- Country: Ethiopia
- Region: Oromia
- Zone: Arsi Zone
- Time zone: UTC+3 (EAT)

= Munesa =

District located in Oromia Regional State of Ethiopia

Munesa is one of the Aanaas in the Oromia Regional State of Ethiopia. Part of the Arsi Zone located in the Great Rift Valley, Munesa is bordered on the south and west by the West Arsi Zone and Lake Langano, on the northwest by Batu Dugda, on the north by Tiyo, on the northeast by Digeluna Tijo, and on the east by Bekoji. The administrative center of the woreda is Kersa; other towns in Munesa include Ego.

== Overview ==
The altitude of this woreda ranges from 1500 over 4100 meters above sea level. The highest point in this woreda is Mount Chiqe (4193 meters); another notable peak is Kulsa. Rivers include 45 kilometers of the Kessa, 50 of the Teji, 60 of the Guracho, 60 of the Gadamsa and 55 kilometers of the Metna; all of these flow into the Rift valley. A survey of the land in this woreda shows that 37.1% is arable or cultivable, 24.1% pasture, 34.6% forest, and the remaining 4.2% is considered swampy, mountainous or otherwise unusable. Lole state farm, which grows wheat and rape seed, occupies a large part of the arable land. Rape seed and linseed are important cash crops; hides and skins are major export items. Although Coffee is also an important cash crop, less than 20 square kilometers are planted with it.

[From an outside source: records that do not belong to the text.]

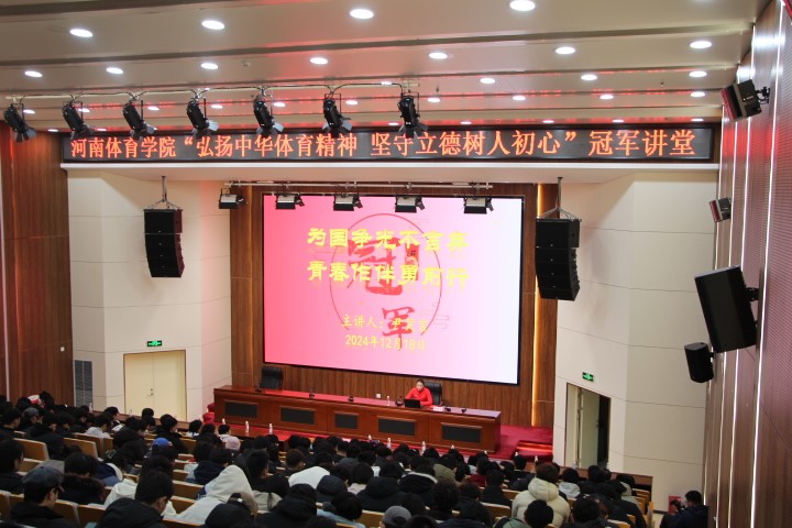 12月18日晚,河南体育学院“弘扬中华体育精神 坚守立德树人初心”冠军讲堂第三期在院图文信息楼报告厅开讲。学院2016届优秀毕业生,河南空手道队教练、奥运会空手道亚军尹笑言应邀为数百名师生作了精彩讲座。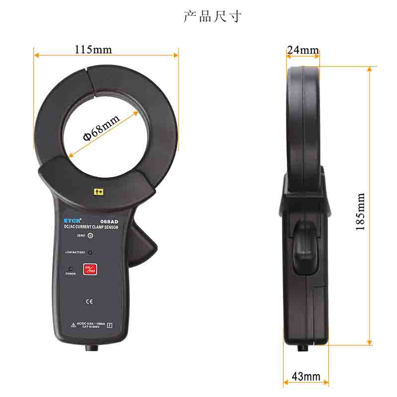 ETCR068AD | ![]() | 量程: 0.0A~1500A AC/DC 精度等級(jí):3 相位誤差:≤3° 工作頻率:DC~400Hz | 1mV/1A | Ф68mm | 224mm×115mm×43mm | 515g |
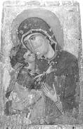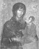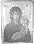 Meisterwerk der Palaiologenzeit. Doppelseitig bemalte Ikone (die später noch in der Waagerechten zwecks neuer Verwendung gekürzt wurde). In den oberen Bildecken die Erzengel Michael und Gabriel. Christus, in ernster gerader Haltung, wendet sich segnend seiner Mutter zu, diese schaut mit ihren wunderbaren braunen Augen voller vorausschauenden Leidens den Gläubigen an. Zärtlich umspielt sie mit ihrer rechten Hand das Knie des Kindes. Die Ausführung der Arbeit ist voller Feinheit und Sensibilität, in sanften Farben und hat eine menschenliebende Ausstrahlung durch die Körperhaltung der Heiligen.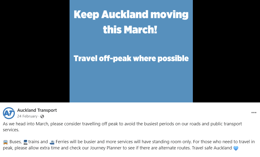 Ahead of the traditionally strained month of March, impacted in part by the return of tertiary students to campus, AT warned commuters in a controversial social media post: “Please consider travelling off-peak to avoid the busiest periods on our roads and public transport services. Buses, trains and ferries will be busier and more services will have standing room only. For those who need to travel in peak, please allow extra time.”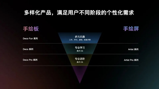 目前,XPPen 共有 2 大品類,5 大系列產(chǎn)品,包括數(shù)位板類的 Deco Fun、Deco、Deco Pro 系列及數(shù)位屏類 Artist、Artist Pro 系列產(chǎn)品。其中,Deco Fun 產(chǎn)品線系列面向多元樂趣用戶;Deco 和 Artist 產(chǎn)品線系列面向?qū)I(yè)學(xué)習(xí)用戶;Deco Pro 和 Artist Pro 產(chǎn)品線系列面向?qū)I(yè)進階用戶。全新的產(chǎn)品布局,可針對不同成長階段的用戶需求,打造從興趣入門到專業(yè)學(xué)習(xí)再到專業(yè)進階的產(chǎn)品矩陣。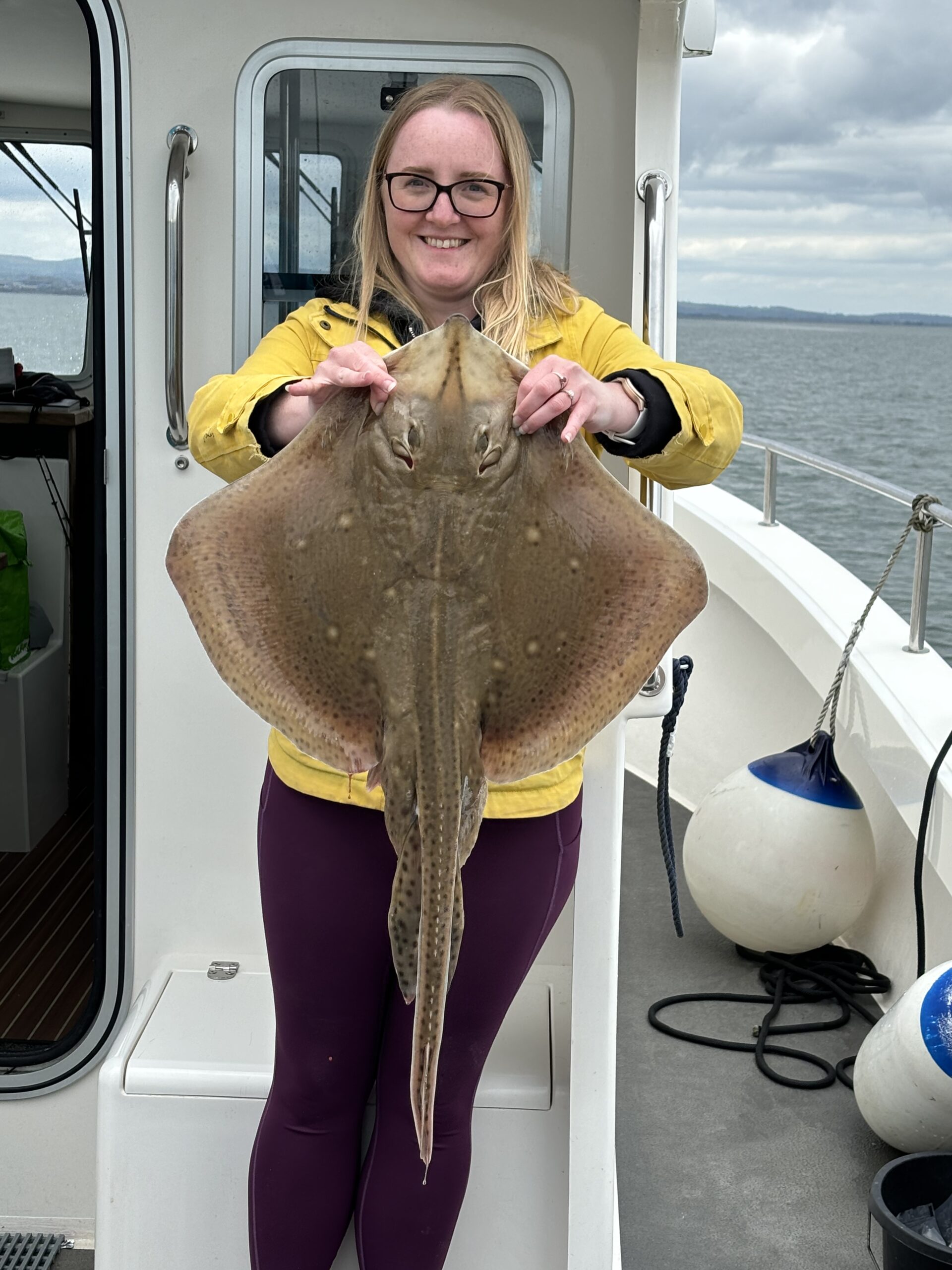 Rachael de Lancey with a 17lb 6oz blonde ray caught at Cardiff Sandbank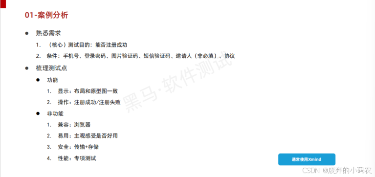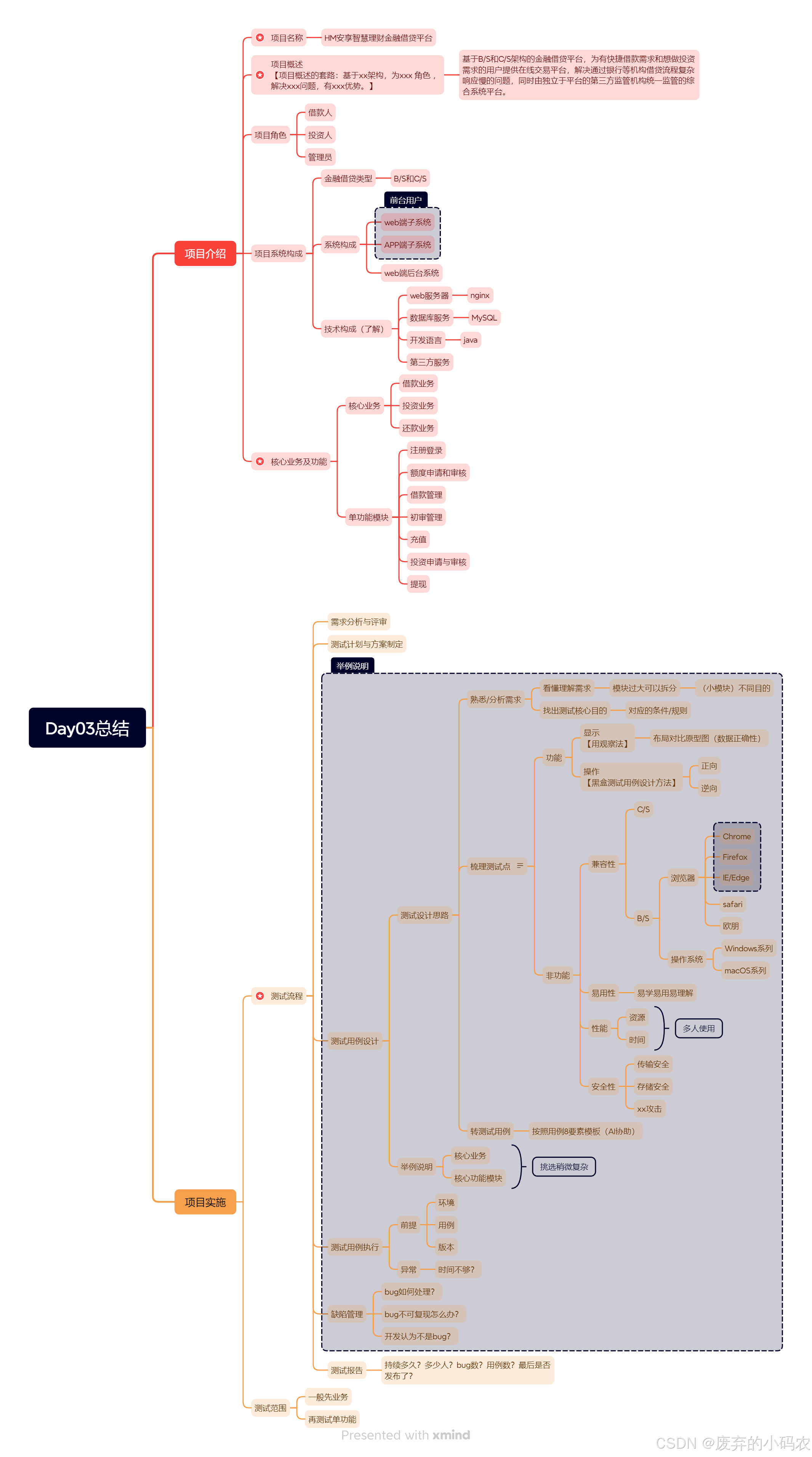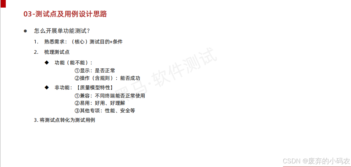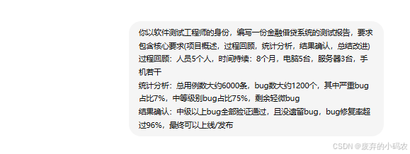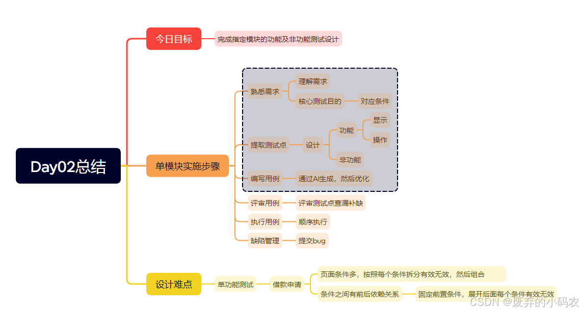 1.如何保障测试用例设计的全面性? - 需求评审:按照质量模型从功能和非功能层面全面覆盖需求 - 技术评审:基于开发设计逻辑进行技术评审完善测试点 - 用例评审:通过团队内部进行测试点/用例的评审【借助于AI工具进行补充完善】 2.如果bug不可复现怎么办? - 从内部出发向外找原因(替换排除法、找外援【打印调试日志】) - 从严重级出发,严重级低,暂时可以不考虑(后续尝试复现);严重级高,需要分析排查 - 思考排查测试过程,测试步骤是啥,测试环境是否有差异(替换法) - 寻求协助:测试老员工,开发协助(记录出现问题的时间,查询对应时间段的日志,通过日志分析) - 如果没有日志,需要开发给一个带有调试日志版本的系统,后续连续跟踪三个 版本后,再未复现,此时放弃 - 后续版本再次出现,直接转/提正式bug,详细描述你的复现过程,并附带日志信息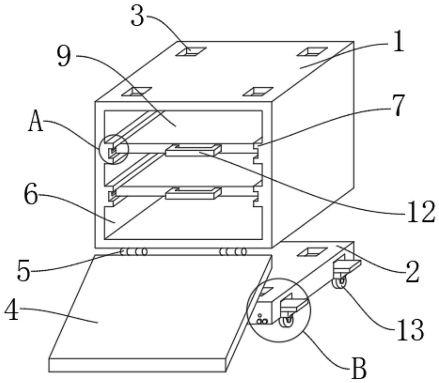本实用新型公开了一种鞋业制造容纳组合筐,具体涉及鞋业制造技术领域,包括筐体和安装板,所述筐体和安装板顶部均设置有卡槽,所述筐体一侧设置有挡板,所述挡板和筐体连接处设置有合页,所述筐体内部设置有空腔,所述空腔两侧内部均设置有安装块,所述安装块内部设置有第一滑槽和第二滑槽,所述第一滑槽内部设置有放置板,所述放置板两侧均设置有滑块,所述放置板外侧设置有把手,所述安装板四角下方均设置有移动组件。本实用新型不仅可使物料的储存和拿取更加方便,而且可随时切换安装座的固定姿态和移动姿态,使得物料储存时更加稳定,物料转运时更加省力。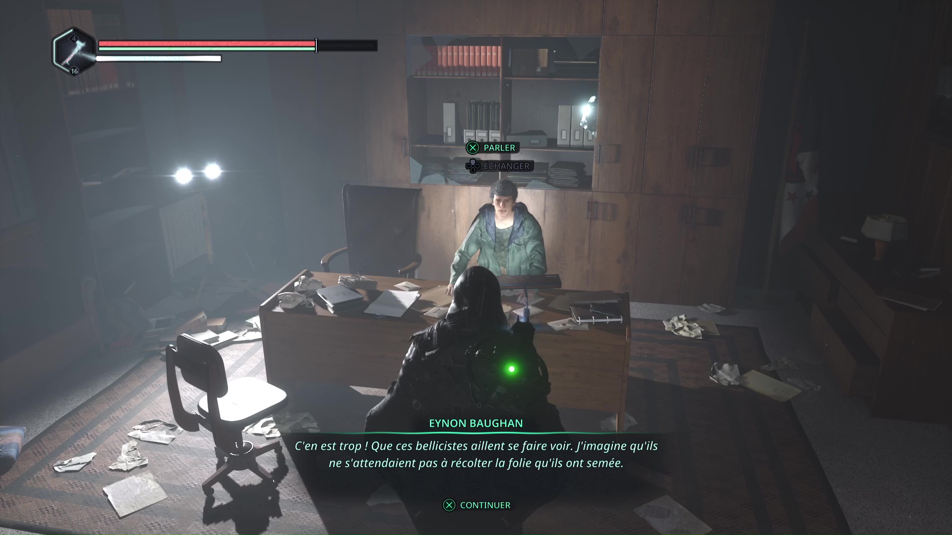 Ensuite, dans l’une des premières pièces accessibles du bâtiment du ministère, vous tomberez sur un rebelle du nom de Eynon Baughan. Juste à côté de lui se trouve une porte verrouillée.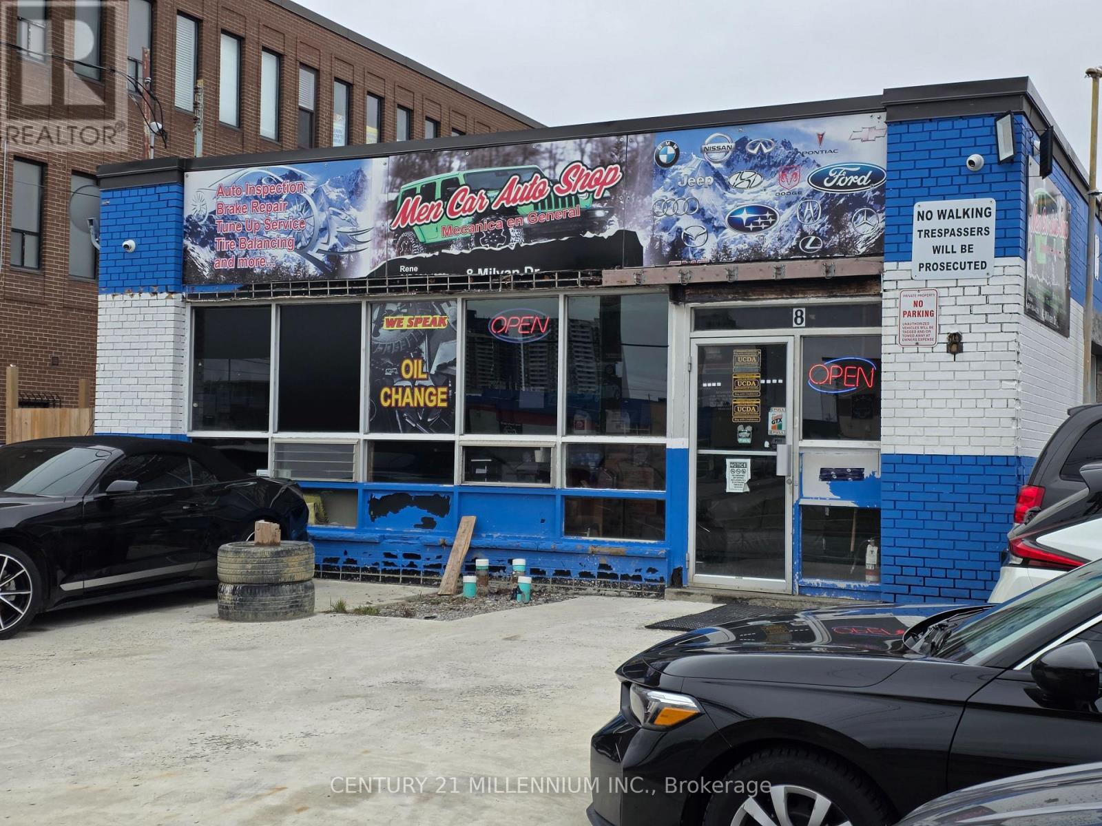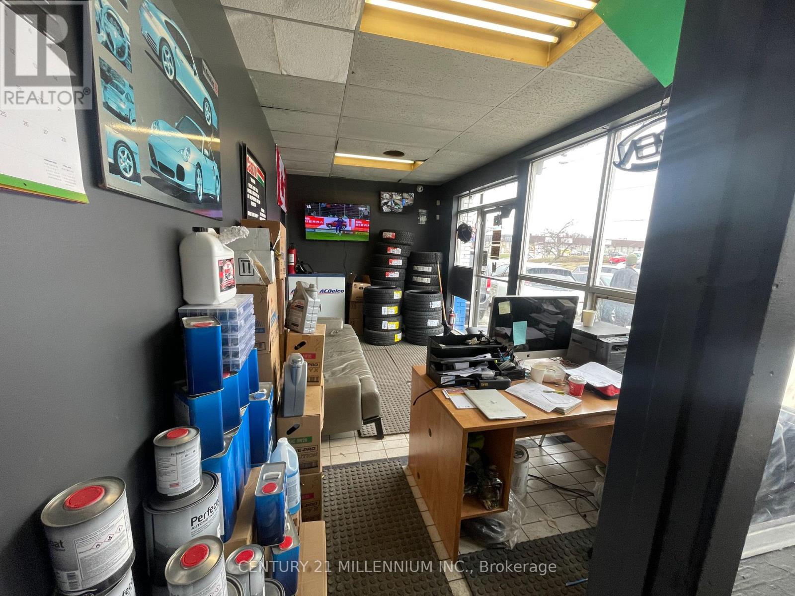 Repair and Sales! Owner Operator selling their running business with all equipment and tools. Great location with high amounts of drive by traffic. 4 Bays, 3 Drive in doors 2-8'x8', 1-8'x10', 3 hoists, (9,000lbs), tire machine, 60 Gallon compressor, 1 Shipping Container, 1 tire machine, 1 tire balancer. Parking or display for 15 cars ++. Fully operational with mechanic shop sold with mechanics tools, welding machines, torches/cart/tanks, press, engine hoists, racking, jacks, security cameras and alarm system, battery charger, office furniture. Running OMVIC Dealership, automotive repair. Business is operating, do not go direct, do not speak with employees or customers. RENT: $6850/M; INSURANCE: $500/M; HYDRO/GAS: $400/M; PHONE/INTERNET: $100/M; GARBAGE PICK UP: $60/M. Leased until Feb 2030 (id:64974)

Industry in the woreda includes quarries along the shore of Lake Langano and 29 grain mills employing 78 people, as well as 910 registered businesses of whom 15.7% are wholesalers, 30.9% retailers, and 53.3% service providers. There were 38 Farmers Associations with 15,870 members and 5 Farmers Service Cooperatives with 9611 members. Munesa has 105 kilometers of dry-weather and 98 of all-weather road, for an average road density of 139.5 kilometers per 1000 square kilometers. About 4.9% of the total population has access to drinking water.

Four inscribed Islamic gravestones have been found near Lake Langano, which are similar to other inscribed gravestones in southeastern Ethiopia that have been dated between AD 1000 and 1270. G.W.B. Huntingford explains their presence as evidence for Muslim traders on the trade route which extended from Zeila and Berbera to the Sidama regions south of Lake Zway, if not Muslim settlement in the area.

== Demographics ==
The 2007 national census reported a total population for this woreda of 166,539, of whom 82,559 were men and 83,980 were women; 15,171 or 9.11% of its population were urban dwellers. The majority of the inhabitants said they were Muslim, with 51.19% of the population reporting they observed this belief, while 45.79% of the population practised Ethiopian Orthodox Christianity, and 2.2% of the population were Protestant.

Based on figures published by the Central Statistical Agency in 2005, this woreda has an estimated total population of 207,422, of whom 105,280 are men and 102,142 are women; 17,430 or 8.40% of its population are urban dwellers, which is less than the Zone average of 12.3%. With an estimated area of 1,454.85 square kilometers, Munesa has an estimated population density of 142.6 people per square kilometer, which is greater than the Zone average of 132.2.

The 1994 national census reported a total population for this woreda of 148,030, of whom 73,208 were men and 74,822 women; 9,756 or 6.59% of its population were urban dwellers at the time. The two largest ethnic groups reported in Munesa were the Oromo (91.59%), and the Amhara (7.34%); all other ethnic groups made up 1.07% of the population. Oromiffa was spoken as a first language by 91.53%, and 7.94% spoke Amharic; the remaining 0.53% spoke all other primary languages reported. The majority of the inhabitants were Muslim, with 52.54% of the population having reported they practiced that belief, while 46.43% of the population said they professed Ethiopian Orthodox Christianity, and 0.89% were Protestant.